Das Urteil ist doch eindeutig, die Klatsche geht in Richtung Landkreis.
andre-notnagel
19.01.2009, 22:35 Uhr
Früher gelernt
Tja, das Schönreden hat Herr Primas ja noch zu seiner Zeit als Blockflöte und Funktionär der DDR-CDU gelernt. Aber da ist er ja nicht allein. Nur mit dem Unterschied, dass er vor 20 Jahren noch mit der Staatspartei kooperiert hat und heute selber staatstragend ist bzw. gern sein möchte. Es gibt viele Kreistagsabgeordnete, auf die wir in der nächsten Legislatur gern verzichten könnten, aber Herr Primas ist da eigentlich an erster Stelle zu nennen.

Wir brauchen zukünftig mehr Politiker mit Weitblick und nicht nur welche, die überhaupt keine Ahnung von der realen Welt haben, geschweige denn rechnen können.
Elefant
19.01.2009, 22:36 Uhr
Nicht verstanden !!
Hallo Willi, hallo Chefkoch,

ihr habt es nicht verstanden. Dem nicht parteiabhängigen (also nicht ihr beiden) Bürger ist es sehr egal ob Frau Rinke in die Hände klatscht oder ob Herr Primas etwas schönredet. Bezahlen muss den ganzen Egotripp von Rinke und Co der Steuerzahler.

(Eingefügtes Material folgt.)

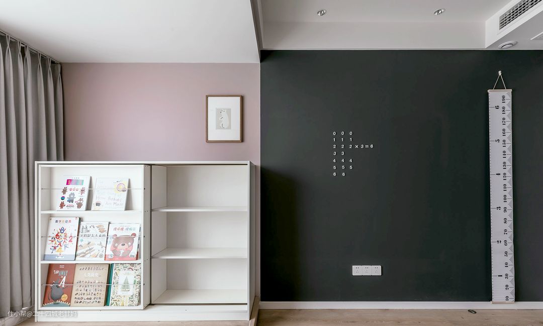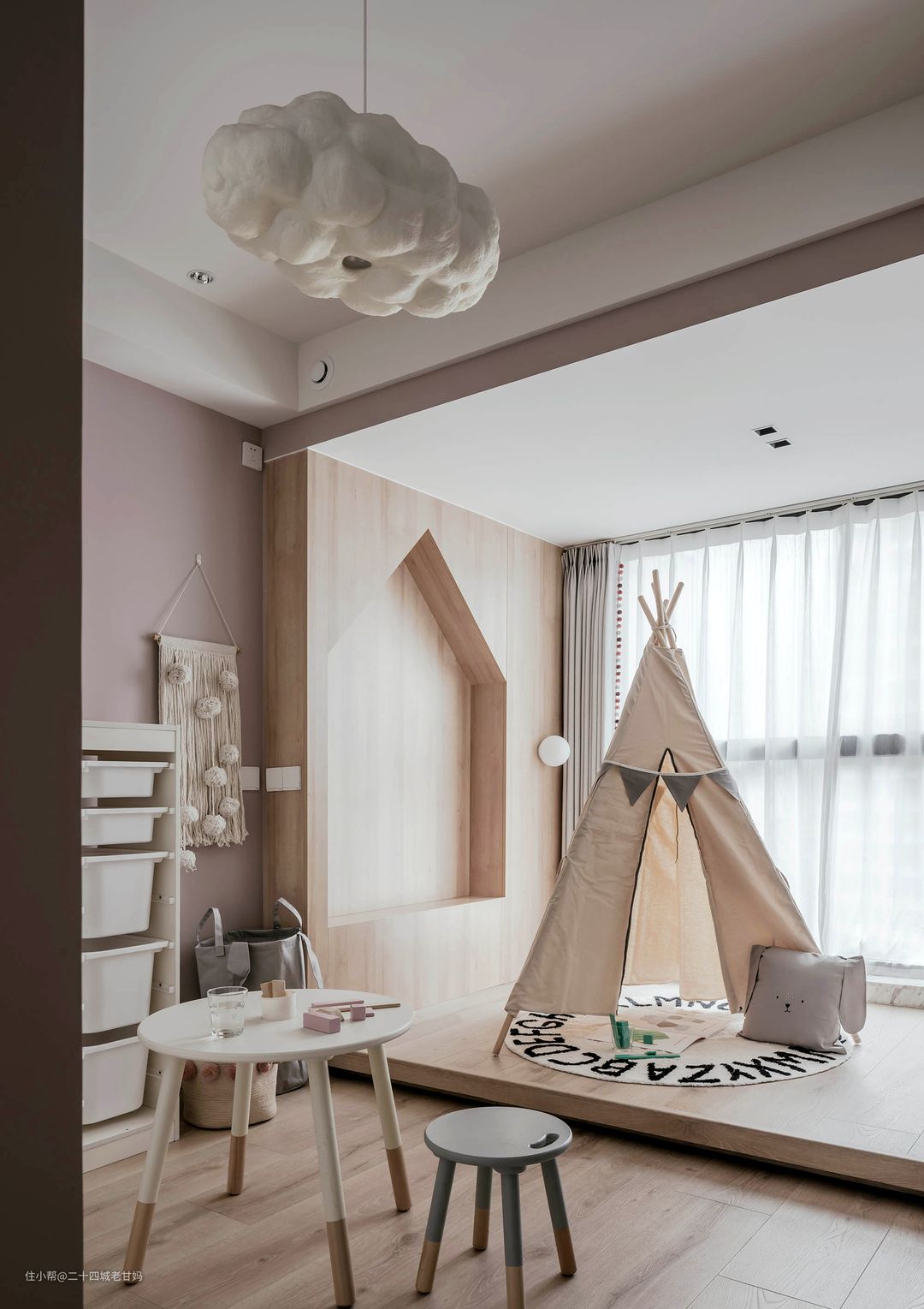 儿童房现阶段是属于宝宝玩乐空间,磁吸黑板墙,云朵灯,玩具收纳柜。落地窗带来的采光让整个房间温馨明亮,靠近窗边位置抬高十公分做地台,后期放上床垫,搭配一个儿童学习桌就是儿童房。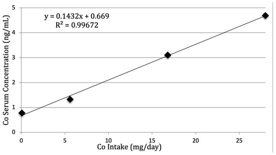 When the Indiana Horse Racing Commission (IHRC) began conducting post-race blood tests for Co, they found serum concentrations as high as 353 ng/mL in some Standardbreds. One Thoroughbred tested after winning a race had a serum Co concentration of 1127 ng/mL—nearly 45 times higher than the threshold [11]. Using the equation featured in Figure 1, when serum Co concentrations meet the threshold set by the IHRC (25 ng/mL), the estimated dietary intake would be at 170 mg/day. Most troublesome, however, is that when serum levels reach 1127 ng/mL, the estimated dietary intake would be at 7900 mg/day. This is over 280 times the amount provided to the high treatment group in this study. Granted, there is no evidence that the relationship is linear when Co administration is beyond what was provided in this study. However, it does suggest that the amount provided to the racehorses testing positive was far beyond what one would feed in normal circumstances.

Frau Rinke denkt, sie bekommt 24 Millionen, Primas und Frau Becker rechnen mit 2,5 Millionen...................und da man sich wieder nicht einigen kann klagt man halt auf Kosten der Allgemeinheit weiter.
Ich hoffe sehr das dies die letzte Amtsperiode von Frau Rinke ist. Jeder verantwortungsbewusste Bürgermeister hätte den Streit längst beigelegt. Zur Erinnerung: es geht hier um den Streit einer Kostenverteilung zwischen Verwaltungen, die zu veranlagenden Gesamtkosten für den Steuerzahler bleiben. Wenn nicht noch viele Gerichts- und Anwaltskosten dazu kommen.
Willi
20.01.2009, 08:00 Uhr
Egotripp?
Ich kann keinen Egotrip dabei erkennen, wenn jemand Recht einfordert, erst Recht nicht, wenn es ums Geld geht. Schauen wir mal wie viel der Landkreis am Ende überweisen muss. Der bzw. die Fehler liegen doch eindeutig beim Landkreis und nicht bei der Stadt. Da sehe ich auch nicht ein, warum Frau Rinke den "Streit" beilegen sollte. Sie hat doch die Pflicht der Stadt zustehendes Geld einzufordern. Meines Wissens war es doch auch der Landrat Claus welcher Vergleichsangeote ausgeschlagen hat.
@elefant, mit der Parteiunabhängikeit hast du Recht, dass war früher so und wird wohl auch in Zukunft so bleiben!